Records from a dataset:
== == ==
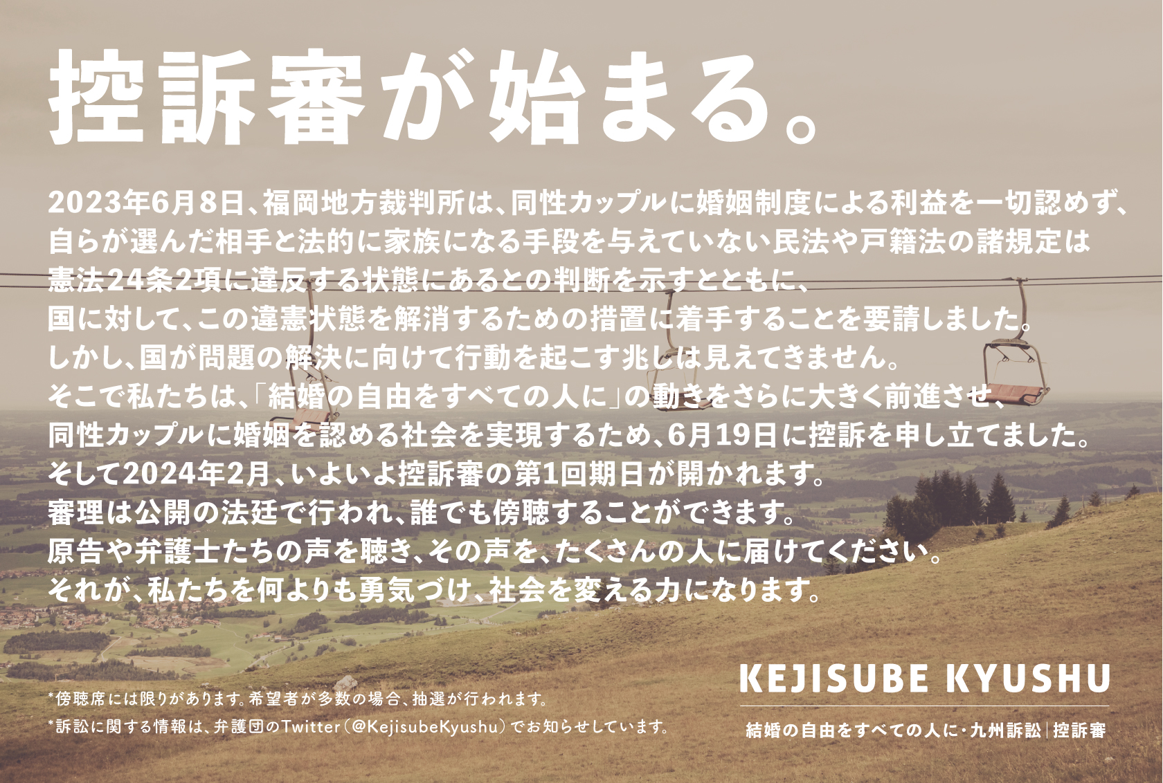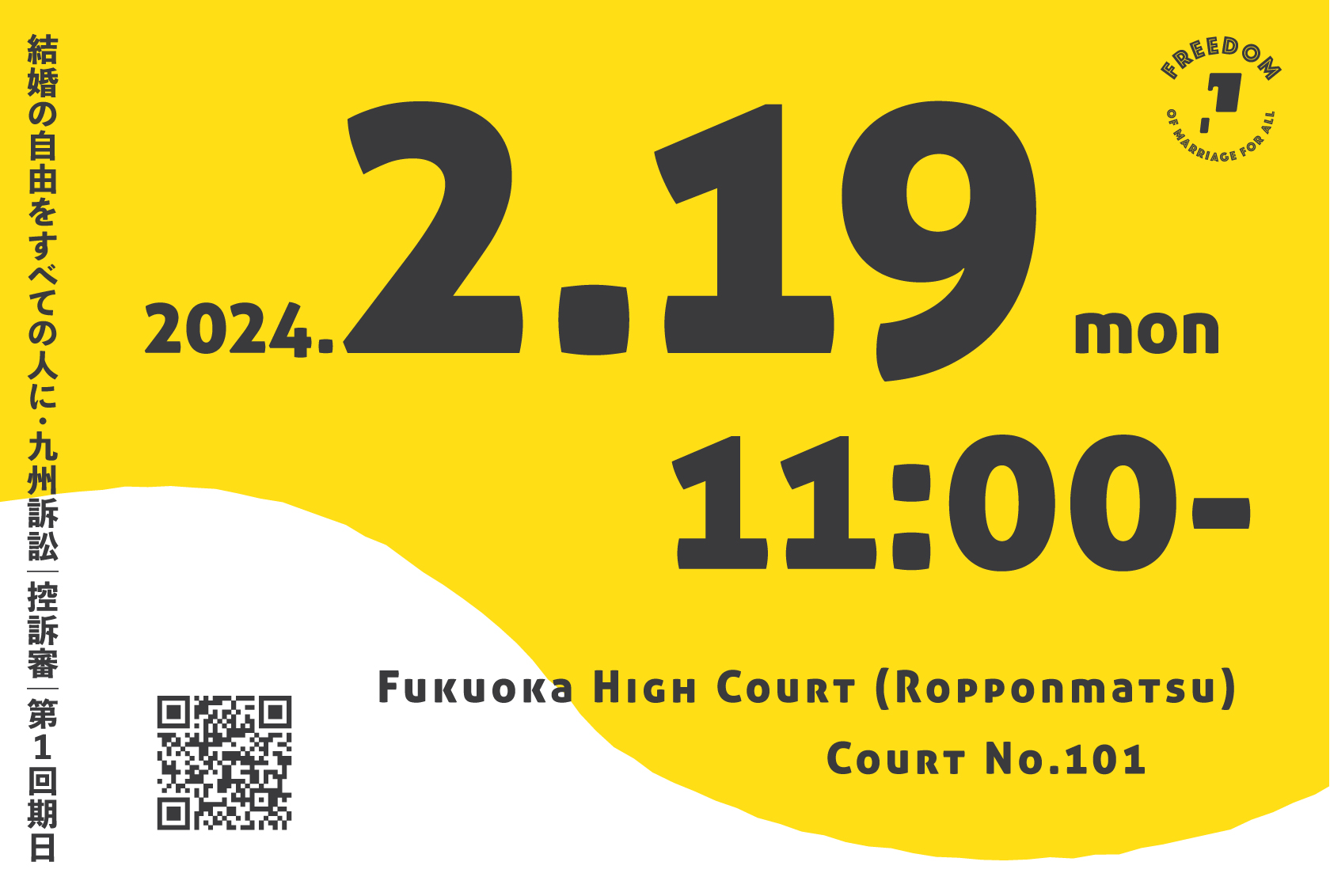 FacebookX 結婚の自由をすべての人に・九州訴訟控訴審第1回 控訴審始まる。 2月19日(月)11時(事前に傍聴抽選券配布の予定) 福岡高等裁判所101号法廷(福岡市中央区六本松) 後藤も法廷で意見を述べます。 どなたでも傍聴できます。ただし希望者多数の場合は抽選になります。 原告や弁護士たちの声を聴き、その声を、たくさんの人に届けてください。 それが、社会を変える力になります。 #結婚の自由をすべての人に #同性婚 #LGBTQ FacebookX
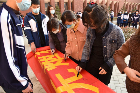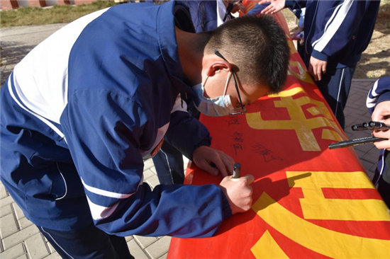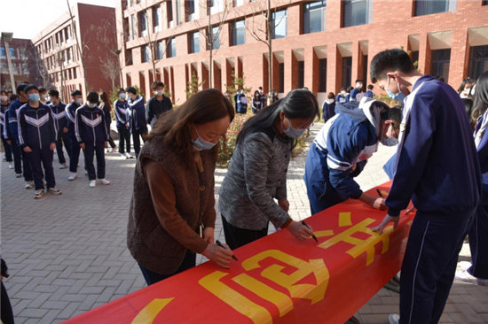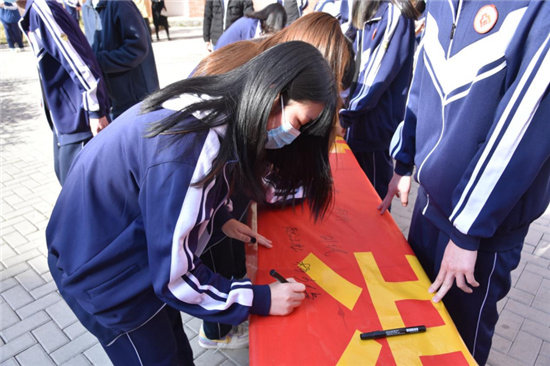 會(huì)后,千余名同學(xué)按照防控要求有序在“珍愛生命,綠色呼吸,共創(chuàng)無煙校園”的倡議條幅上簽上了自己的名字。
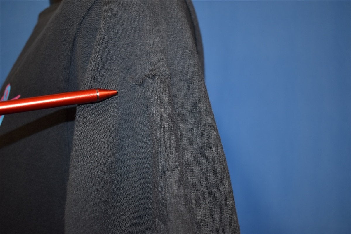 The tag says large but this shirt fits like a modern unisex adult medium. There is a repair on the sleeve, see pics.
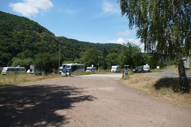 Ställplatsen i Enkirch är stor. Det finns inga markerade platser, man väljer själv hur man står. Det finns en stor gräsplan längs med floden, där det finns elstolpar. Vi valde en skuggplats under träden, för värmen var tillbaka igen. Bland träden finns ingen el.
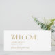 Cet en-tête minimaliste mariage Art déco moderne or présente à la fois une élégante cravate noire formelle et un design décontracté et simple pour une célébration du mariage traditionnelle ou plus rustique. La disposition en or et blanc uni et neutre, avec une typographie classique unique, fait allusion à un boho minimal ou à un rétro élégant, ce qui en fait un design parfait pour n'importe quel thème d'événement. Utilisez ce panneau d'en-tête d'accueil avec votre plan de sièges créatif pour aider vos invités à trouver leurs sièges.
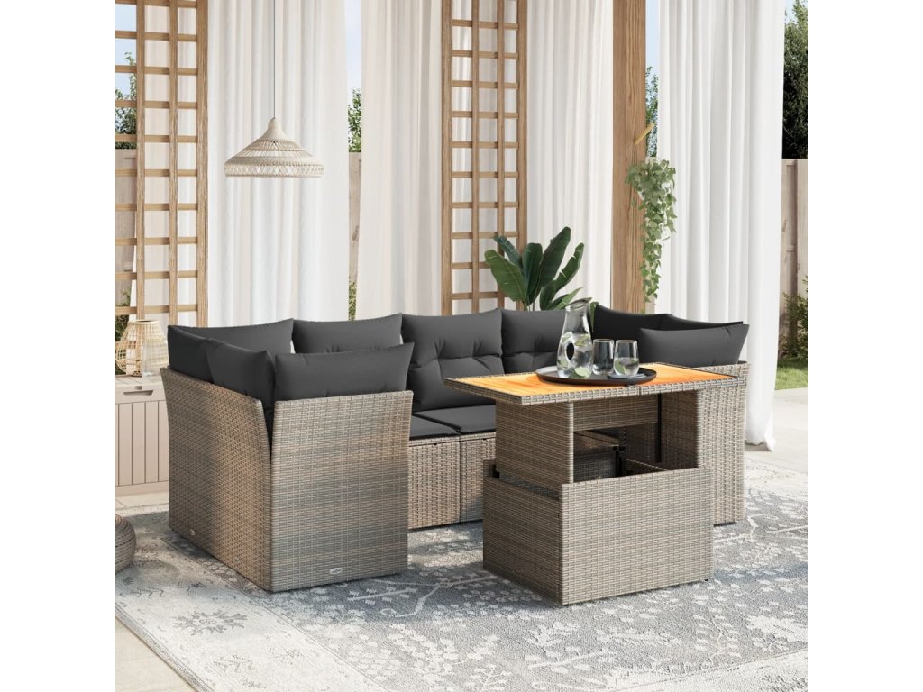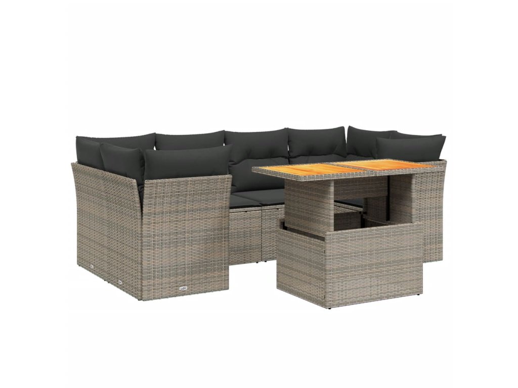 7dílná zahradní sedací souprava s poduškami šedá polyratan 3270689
== == ==
The problem: Please output all of the data exactly as given, omitting any images it holds.

Problem solution:
 FacebookX 結婚の自由をすべての人に・九州訴訟控訴審第1回 控訴審始まる。 2月19日(月)11時(事前に傍聴抽選券配布の予定) 福岡高等裁判所101号法廷(福岡市中央区六本松) 後藤も法廷で意見を述べます。 どなたでも傍聴できます。ただし希望者多数の場合は抽選になります。 原告や弁護士たちの声を聴き、その声を、たくさんの人に届けてください。 それが、社会を変える力になります。 #結婚の自由をすべての人に #同性婚 #LGBTQ FacebookX
 會(huì)后,千余名同學(xué)按照防控要求有序在“珍愛生命,綠色呼吸,共創(chuàng)無煙校園”的倡議條幅上簽上了自己的名字。
 The tag says large but this shirt fits like a modern unisex adult medium. There is a repair on the sleeve, see pics.
 Ställplatsen i Enkirch är stor. Det finns inga markerade platser, man väljer själv hur man står. Det finns en stor gräsplan längs med floden, där det finns elstolpar. Vi valde en skuggplats under träden, för värmen var tillbaka igen. Bland träden finns ingen el.
 Cet en-tête minimaliste mariage Art déco moderne or présente à la fois une élégante cravate noire formelle et un design décontracté et simple pour une célébration du mariage traditionnelle ou plus rustique. La disposition en or et blanc uni et neutre, avec une typographie classique unique, fait allusion à un boho minimal ou à un rétro élégant, ce qui en fait un design parfait pour n'importe quel thème d'événement. Utilisez ce panneau d'en-tête d'accueil avec votre plan de sièges créatif pour aider vos invités à trouver leurs sièges.
 7dílná zahradní sedací souprava s poduškami šedá polyratan 3270689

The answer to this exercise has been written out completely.